Description
BONNISEL, J. Plan de la ville et Faubourgs de Paris avec ses monuments. Paris, chez Jean, 1814. Bound in period col. Folding plan in 32 sections on canvas. Small wormhole at center. Small wet spot at top right, paper slightly grayish. 940 x 1210 mm
Large wall plan of the city of Paris, published in 1814, still bearing the emblems of the Empire. The city is divided into twelve arrondissements and forty-eight districts. These forty-eight districts, or territorial and administrative divisions, were created in June 1790 by the Constituent Assembly, in order to put an end to the State's guardianship of the Paris commune. The plan shows the first embellishments and roadworks ordered by Napoleon: the Ourcq canal, completed in 1802; the Saint-Denis canal, begun in 1811; the Villette basin, designed to supply water to the capital, completed between 1806 and 1809; the Abattoirs; and the Nord, Est, Vaugirard and Sainte-Catherine cemeteries (decree of June 12, 1804), the new Place du Marché-Neuf mortuary (police order of 1804), the Pont des Arts, built between 1802 and 1804, the Pont d'Austerlitz, between 1799 and 1807, the reserve granaries, the Quai d'Orsay, the flower market and the western part of the Rue de Rivoli. On the right bank, opposite the Champ de Mars, is a drawing of a planned palace. This is the Palais du Roi de Rome, son of Emperor Napoleon I, a project designed by architect Pierre Fontaine, which never saw the light of day. On the Île de la Cité, the Quai aux Fleurs, named Quai Napoléon from 1804 to 1816, was renamed Quai de l'Archevêché. The Place des Vosges, so named in 1800 in honor of the department of the same name, which was the first to pay taxes during the French Revolution, is here known as Place Royale, which was its name when it was created, and again from 1814 to 1830.

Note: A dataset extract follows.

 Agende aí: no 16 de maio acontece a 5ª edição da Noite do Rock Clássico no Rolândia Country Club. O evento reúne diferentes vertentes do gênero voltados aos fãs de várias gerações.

The Prefecture of Police is located here on rue de Jérusalem. This street, which once stood at 38 quai des Orfèvres, disappeared in 1883.
This rare plan is surrounded by twenty-nine views of the main Parisian monuments, including the planned Palais du Roi de Rome. The city's twelve arrondissements are outlined in watercolor. The plan is accompanied by a list of streets, passages, bridges, squares, abattoirs, cemeteries and arrondissements. The title, inscribed on a drapery, is adorned with the Imperial Eagle.

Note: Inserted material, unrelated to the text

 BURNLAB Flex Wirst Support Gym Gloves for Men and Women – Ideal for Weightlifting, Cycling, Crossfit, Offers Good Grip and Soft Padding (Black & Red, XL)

We have found no information on the author, J. Bonnisel. This is most certainly the Parisian engraver and geographer Jacques Guillaume Bonnisselle or Bonisel (17..-1833), author of a map of France published by Jean in Paris, as for our map. This map of France bears the name J.G. Bonnisel (copy at BnF). Vallée also mentions a Plan de Paris divisé en 12 mairies, engraved by Bonnisel and also published by Jean, in 1807 (Vallée, 1632). - Bonnardot, p. 226; unknown to Vallée?